Parallel Efficient Global Optimization by Using the Minimum Energy Criterion
报告人:
Yubin Tian, Professor, Beijing Institute of Technology
邀请人:
Zhongzhi Bai, Professor
题目:
Parallel Efficient Global Optimization by Using the Minimum Energy Criterion
时间地点:
10:00-11:00 October 15(Saturday), Tencent Meeting ID: 535-573-704
摘要:
In optimization problems, the expensive black-box function implies severely restricted budgets in terms of evaluation. Some Bayesian optimization methods have been proposed to solve this problem, such as expected improvement (EI) and hierarchical expected improvement (HEI).
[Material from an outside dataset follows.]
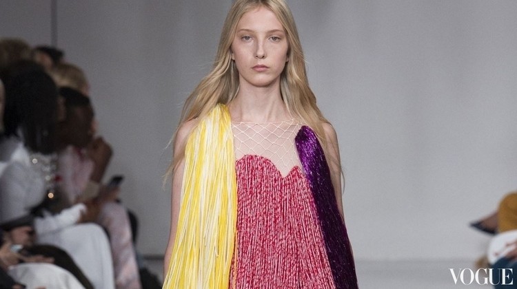 然而,這些服裝是六個月以前冬季的成果。本週的2018春夏系列發表會令人熟悉。Calvin Klein紐約總部內有著相同的場景,同樣以緞帶為概念裝飾,幾乎都是血紅色或者陽光橘,高掛在頭頂上作為裝飾。

However, most of these methods are nonparallel and use a one-point-at-a-time strategy. This study proposes a new parallel framework that uses the minimum energy criterion. This framework can reduce time cost by reducing the number of iterations and avoiding the local optimization trap by encouraging the exploration of the optimization space. We also propose a shrink-augment strategy to correct the local surrogate model for the black-box function by placing more points around the true optima, which could also benefit the optimization. Some numerical experiments are also presented to compare the new method with popular existing methods. The results show the superiority of our proposed method over other Bayesian methods due to delivering better results with fewer iterations.